Available data: Begin

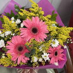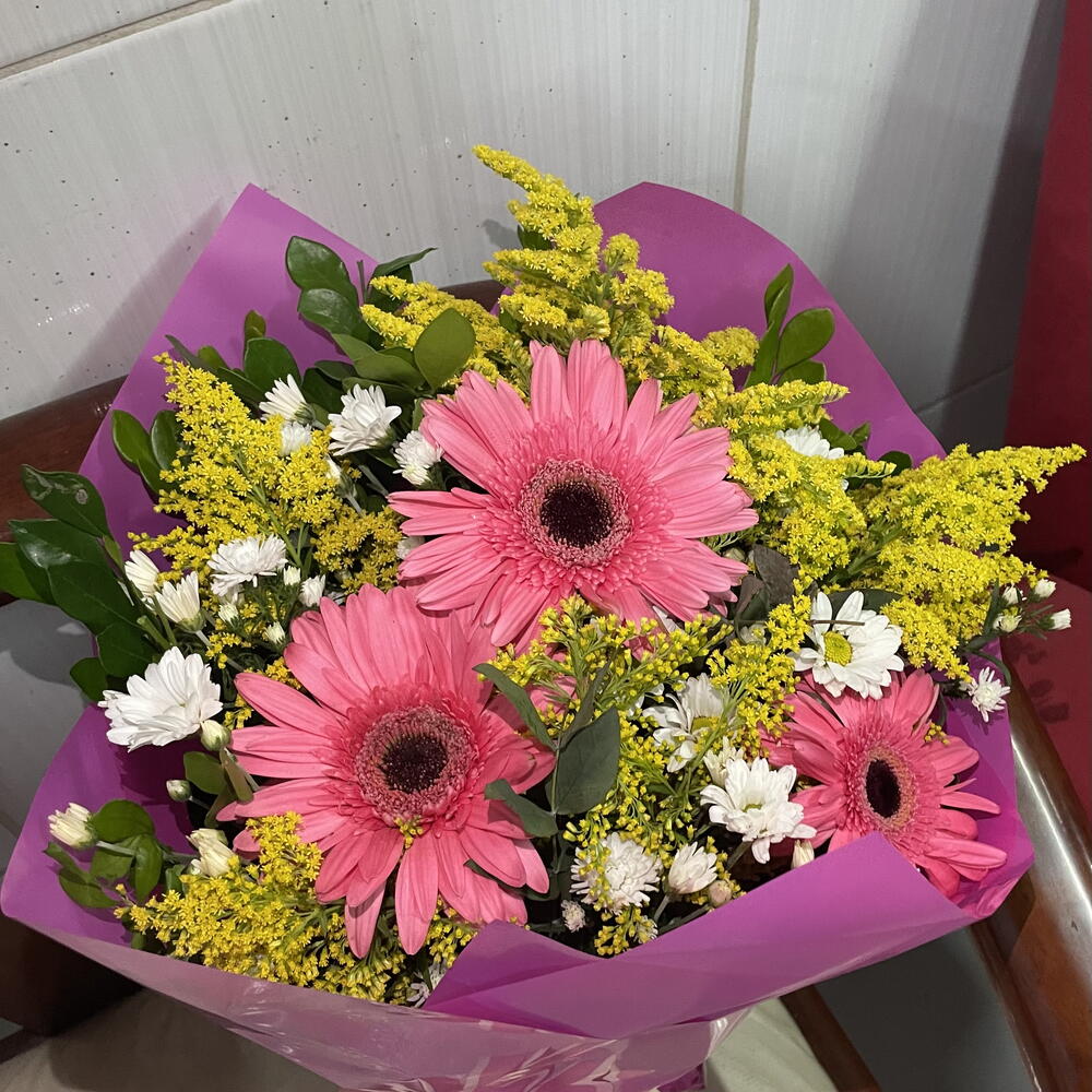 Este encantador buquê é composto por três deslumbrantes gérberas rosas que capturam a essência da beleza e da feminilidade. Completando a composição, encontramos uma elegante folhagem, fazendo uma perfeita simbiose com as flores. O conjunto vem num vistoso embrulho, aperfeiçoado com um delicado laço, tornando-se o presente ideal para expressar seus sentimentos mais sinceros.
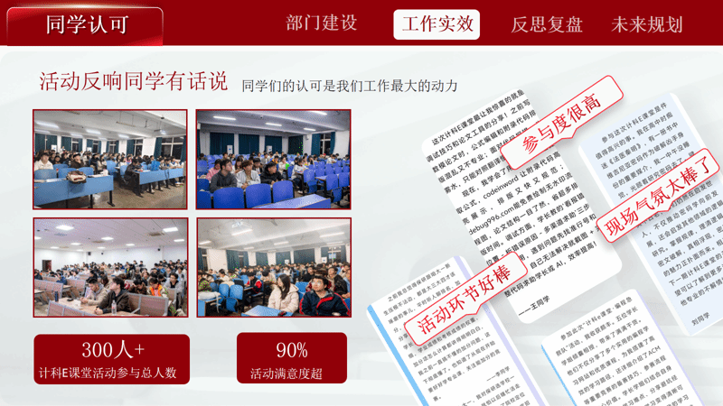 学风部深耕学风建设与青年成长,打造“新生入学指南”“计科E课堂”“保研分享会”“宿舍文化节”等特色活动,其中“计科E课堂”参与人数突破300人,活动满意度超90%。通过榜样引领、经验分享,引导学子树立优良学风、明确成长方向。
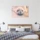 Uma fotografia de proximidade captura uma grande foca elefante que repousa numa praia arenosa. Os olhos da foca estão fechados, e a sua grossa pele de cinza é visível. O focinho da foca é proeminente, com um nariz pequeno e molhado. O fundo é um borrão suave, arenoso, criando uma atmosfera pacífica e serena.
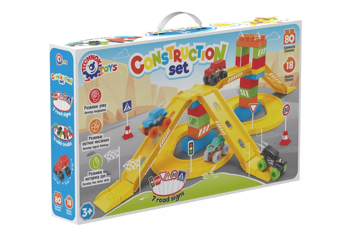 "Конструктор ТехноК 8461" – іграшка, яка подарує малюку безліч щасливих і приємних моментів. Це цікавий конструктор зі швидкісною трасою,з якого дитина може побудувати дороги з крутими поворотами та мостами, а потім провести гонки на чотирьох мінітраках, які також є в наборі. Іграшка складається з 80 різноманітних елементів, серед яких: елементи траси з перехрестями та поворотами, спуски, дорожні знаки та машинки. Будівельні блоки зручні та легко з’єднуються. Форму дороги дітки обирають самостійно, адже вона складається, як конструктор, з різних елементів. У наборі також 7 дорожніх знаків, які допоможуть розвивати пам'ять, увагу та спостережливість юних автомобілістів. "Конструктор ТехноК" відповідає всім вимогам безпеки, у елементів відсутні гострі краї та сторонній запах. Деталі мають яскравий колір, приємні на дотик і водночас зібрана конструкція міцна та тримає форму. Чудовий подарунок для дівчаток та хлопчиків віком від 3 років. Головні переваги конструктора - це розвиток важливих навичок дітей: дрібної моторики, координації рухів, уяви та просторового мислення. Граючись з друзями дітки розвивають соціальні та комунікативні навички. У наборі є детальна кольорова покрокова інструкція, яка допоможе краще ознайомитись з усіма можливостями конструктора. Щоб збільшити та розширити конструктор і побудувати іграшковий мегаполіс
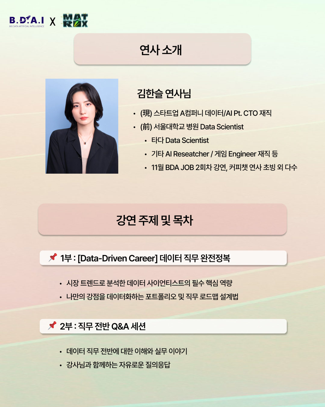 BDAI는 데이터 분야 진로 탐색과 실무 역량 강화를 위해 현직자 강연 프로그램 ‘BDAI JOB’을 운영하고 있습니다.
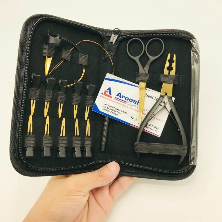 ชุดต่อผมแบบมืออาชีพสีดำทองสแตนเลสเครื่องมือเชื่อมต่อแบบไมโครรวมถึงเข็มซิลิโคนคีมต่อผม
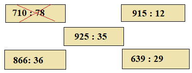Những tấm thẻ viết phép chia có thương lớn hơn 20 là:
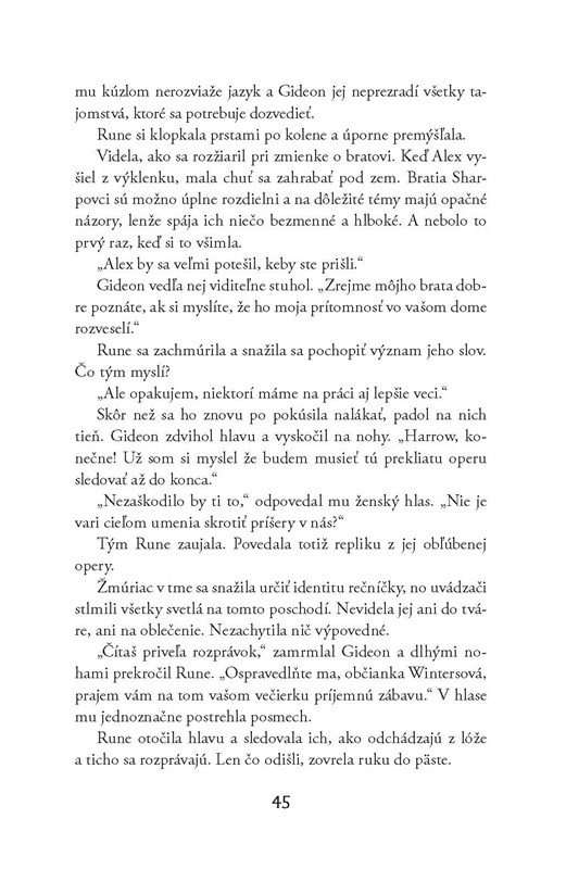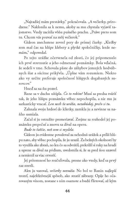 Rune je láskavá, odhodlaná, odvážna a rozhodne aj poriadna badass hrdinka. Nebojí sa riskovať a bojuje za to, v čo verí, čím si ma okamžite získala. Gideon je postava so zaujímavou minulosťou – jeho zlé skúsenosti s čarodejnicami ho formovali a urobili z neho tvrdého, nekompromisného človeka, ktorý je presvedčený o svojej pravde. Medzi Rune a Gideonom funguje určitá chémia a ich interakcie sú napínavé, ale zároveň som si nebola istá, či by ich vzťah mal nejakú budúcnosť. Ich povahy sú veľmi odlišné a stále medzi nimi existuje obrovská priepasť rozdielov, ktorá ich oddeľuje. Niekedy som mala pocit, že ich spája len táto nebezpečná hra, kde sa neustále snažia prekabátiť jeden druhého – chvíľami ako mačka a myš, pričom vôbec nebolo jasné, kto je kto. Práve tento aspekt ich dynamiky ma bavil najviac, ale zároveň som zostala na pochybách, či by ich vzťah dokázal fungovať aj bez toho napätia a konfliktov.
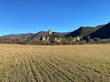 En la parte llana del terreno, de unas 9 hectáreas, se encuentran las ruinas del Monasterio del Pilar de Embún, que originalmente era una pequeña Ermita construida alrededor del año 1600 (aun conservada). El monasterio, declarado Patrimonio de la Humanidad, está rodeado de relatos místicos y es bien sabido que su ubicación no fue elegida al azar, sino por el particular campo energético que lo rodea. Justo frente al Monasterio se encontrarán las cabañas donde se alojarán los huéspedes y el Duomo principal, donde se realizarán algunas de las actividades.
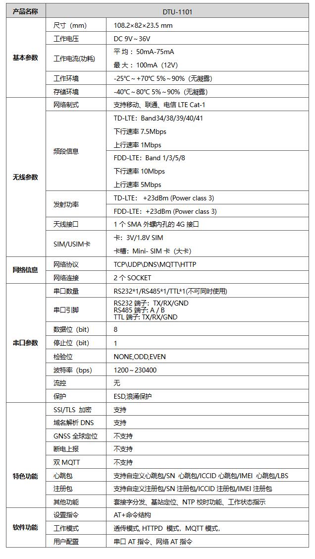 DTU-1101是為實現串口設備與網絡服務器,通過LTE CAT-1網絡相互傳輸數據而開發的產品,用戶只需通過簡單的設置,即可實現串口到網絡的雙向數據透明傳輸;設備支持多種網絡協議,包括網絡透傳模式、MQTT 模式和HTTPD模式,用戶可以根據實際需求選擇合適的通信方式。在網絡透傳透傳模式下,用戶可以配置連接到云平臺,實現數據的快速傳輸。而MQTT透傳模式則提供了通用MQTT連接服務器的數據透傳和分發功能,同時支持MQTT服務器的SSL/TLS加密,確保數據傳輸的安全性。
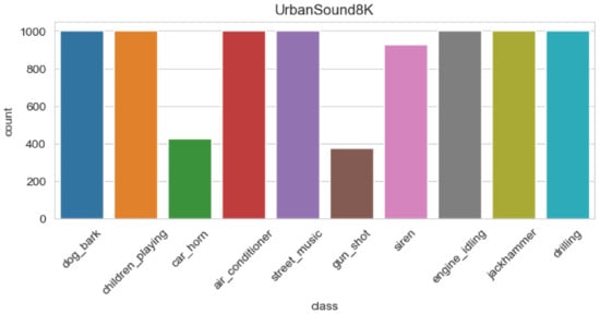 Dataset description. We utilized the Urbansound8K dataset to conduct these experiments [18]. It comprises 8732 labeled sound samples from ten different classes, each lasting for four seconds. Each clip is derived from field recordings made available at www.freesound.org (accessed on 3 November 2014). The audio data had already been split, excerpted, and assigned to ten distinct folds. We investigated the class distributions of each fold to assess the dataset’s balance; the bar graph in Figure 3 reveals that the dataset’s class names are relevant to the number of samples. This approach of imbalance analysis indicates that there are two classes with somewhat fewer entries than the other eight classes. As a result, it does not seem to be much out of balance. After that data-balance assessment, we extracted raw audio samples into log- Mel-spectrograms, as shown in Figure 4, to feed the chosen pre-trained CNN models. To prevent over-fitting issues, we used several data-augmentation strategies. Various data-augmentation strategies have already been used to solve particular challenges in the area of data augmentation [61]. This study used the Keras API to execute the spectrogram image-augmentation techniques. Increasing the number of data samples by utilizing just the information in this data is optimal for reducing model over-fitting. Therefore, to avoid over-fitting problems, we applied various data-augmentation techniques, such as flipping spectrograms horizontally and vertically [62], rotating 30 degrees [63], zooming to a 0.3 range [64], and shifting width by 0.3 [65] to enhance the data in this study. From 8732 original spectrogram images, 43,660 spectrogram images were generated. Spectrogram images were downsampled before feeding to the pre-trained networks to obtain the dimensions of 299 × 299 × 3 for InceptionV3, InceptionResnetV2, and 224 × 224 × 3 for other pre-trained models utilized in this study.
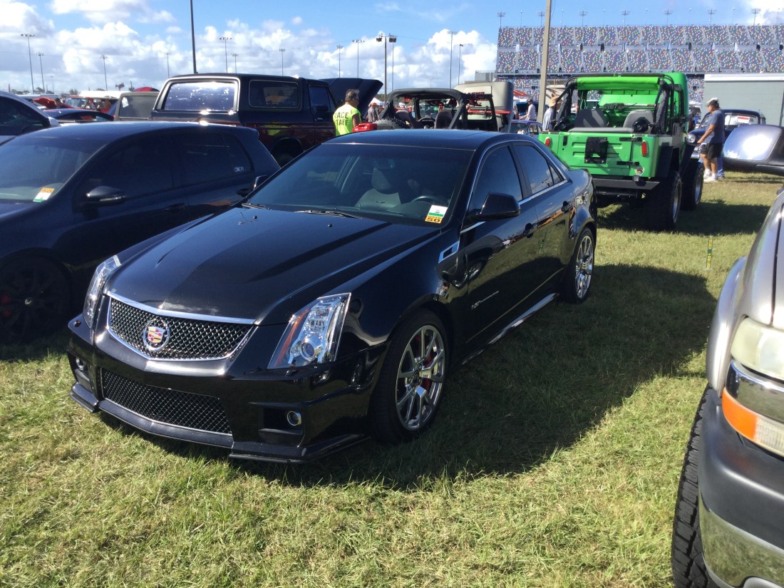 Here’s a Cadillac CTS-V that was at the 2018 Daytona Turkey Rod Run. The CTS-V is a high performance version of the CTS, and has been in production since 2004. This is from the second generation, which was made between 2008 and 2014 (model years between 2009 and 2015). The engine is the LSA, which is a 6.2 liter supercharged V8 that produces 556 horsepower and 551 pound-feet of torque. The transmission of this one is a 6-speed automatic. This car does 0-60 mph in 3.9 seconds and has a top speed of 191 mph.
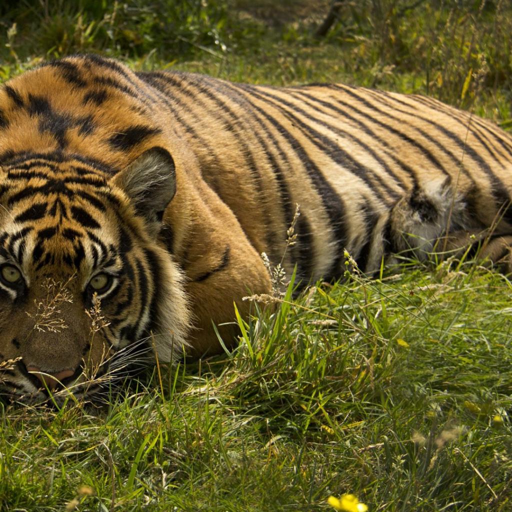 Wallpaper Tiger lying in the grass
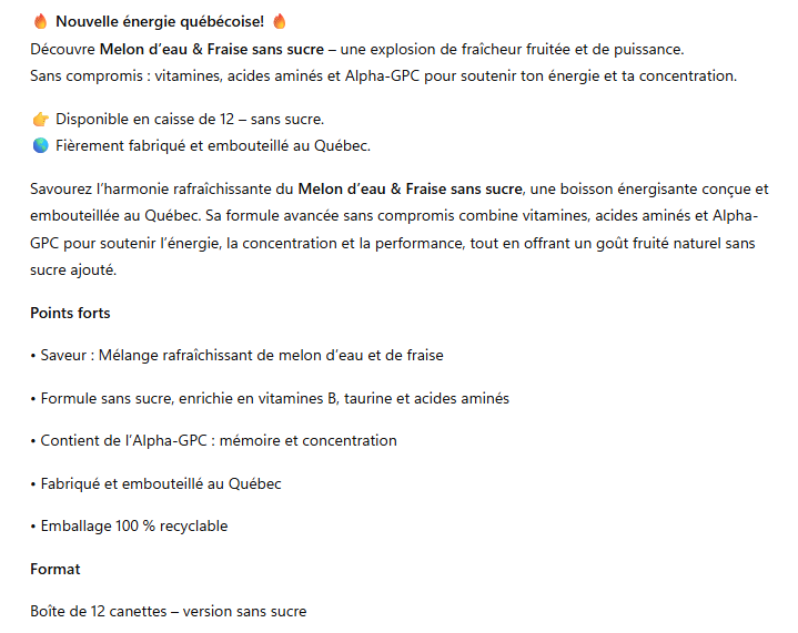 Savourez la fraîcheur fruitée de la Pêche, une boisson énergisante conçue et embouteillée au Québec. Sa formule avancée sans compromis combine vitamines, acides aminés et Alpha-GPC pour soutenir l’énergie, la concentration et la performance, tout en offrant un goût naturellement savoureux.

Available data: End

__Aim of the task__.
Reproduce exactly the entries from their first line through the line containing "学风部深耕学风建设与青年成长", including both, and omit any pictures.

__Written response__.
 Este encantador buquê é composto por três deslumbrantes gérberas rosas que capturam a essência da beleza e da feminilidade. Completando a composição, encontramos uma elegante folhagem, fazendo uma perfeita simbiose com as flores. O conjunto vem num vistoso embrulho, aperfeiçoado com um delicado laço, tornando-se o presente ideal para expressar seus sentimentos mais sinceros.
 学风部深耕学风建设与青年成长,打造“新生入学指南”“计科E课堂”“保研分享会”“宿舍文化节”等特色活动,其中“计科E课堂”参与人数突破300人,活动满意度超90%。通过榜样引领、经验分享,引导学子树立优良学风、明确成长方向。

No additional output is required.